OK, last post in death week. I am not trying to depress people this week, honest. It’s just that death is what makes life so rich and meaningful. The threat of death makes people define their lives, or at least it should, because we only get one go around.
My post about Pat touched on why I want to write and what my vision is in regard to my writing. My writing has another death-like inspiration as well – my Lupus diagnosis. The story of that journey, and overcoming the fear it released, can be found here at Lupus.org.

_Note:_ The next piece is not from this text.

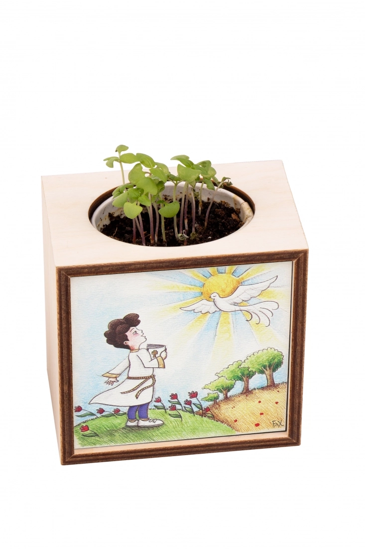 Kodama è un cubo di legno decorato che contiene un vasetto biodegradabile con all’interno del terriccio e dei semi di piante aromatiche e fiori pronti per essere piantati. Perfetto come regalo o come bomboniera, è fatto in legno di betulla che, con le sue leggere venature, dona unicità al prodotto.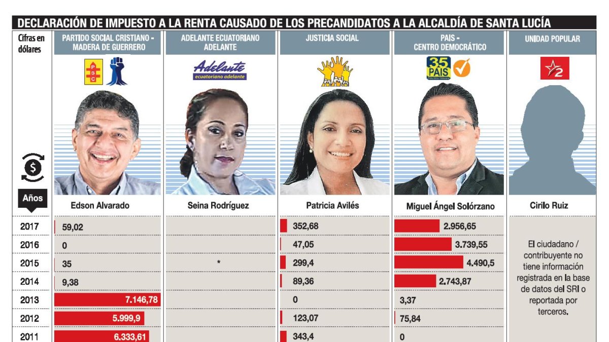Una vez más el agua entra en la contienda electoral. Es la propuesta frecuente de precandidatos a alcaldes en varios cantones de la provincia del Guayas, y Santa Lucía no es la excepción. Llevar el líquido vital a las casas de sus habitantes, sobre todo en la zona rural, es el anhelo de algunos precandidatos a la Alcaldía, incluido el actual primer edil Miguel Ángel Solórzano (PAIS - Centro Democrático), quien correrá para la reelección.

I have wanted to write fiction professionally since I started business writing and editing for a living. It was a dream and then a goal and now I am working on making it a reality. I happen to idolize Flannery O’Connor, so when I was diagnosed six years ago, I had an inspiring writing-with-lupus reference point. But unlike Flannery, this disease will probably not kill me; not quickly anyway. And, like Pat’s death, it was yet another wake-up call that this gift of life we are given is very fleeting and temporary. We should live it with purpose. This is why I plan to spend the rest of my days writing even if no one ever reads a word.
If you had just ten years left, what would you strive towards?

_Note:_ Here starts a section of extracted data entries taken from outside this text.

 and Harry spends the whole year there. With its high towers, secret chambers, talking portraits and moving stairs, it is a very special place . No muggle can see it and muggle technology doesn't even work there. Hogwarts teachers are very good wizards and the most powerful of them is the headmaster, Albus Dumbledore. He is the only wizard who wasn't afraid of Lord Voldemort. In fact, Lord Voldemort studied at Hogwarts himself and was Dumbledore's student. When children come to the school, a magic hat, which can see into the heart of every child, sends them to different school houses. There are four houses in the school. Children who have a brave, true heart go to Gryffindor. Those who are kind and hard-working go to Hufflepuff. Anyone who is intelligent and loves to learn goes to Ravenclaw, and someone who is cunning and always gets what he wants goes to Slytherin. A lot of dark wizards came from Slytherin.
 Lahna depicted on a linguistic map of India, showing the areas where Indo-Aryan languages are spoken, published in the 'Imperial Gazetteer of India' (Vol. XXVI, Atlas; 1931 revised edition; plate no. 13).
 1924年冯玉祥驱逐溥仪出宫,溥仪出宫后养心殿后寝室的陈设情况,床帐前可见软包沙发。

The biggest change I think I would make is that I wouldn’t schedule anything. I would just move fluidly around. Schedules seem to get me doing things that I’m not in the mood to do right at the moment. I might actually want to do them… but on my own time.
Honestly, if I had 10 years, and didn’t need to make money, I would strive to be, not to do. Doing is so human. I’d want to live like an animal. Ok, and maybe a little social work on the side.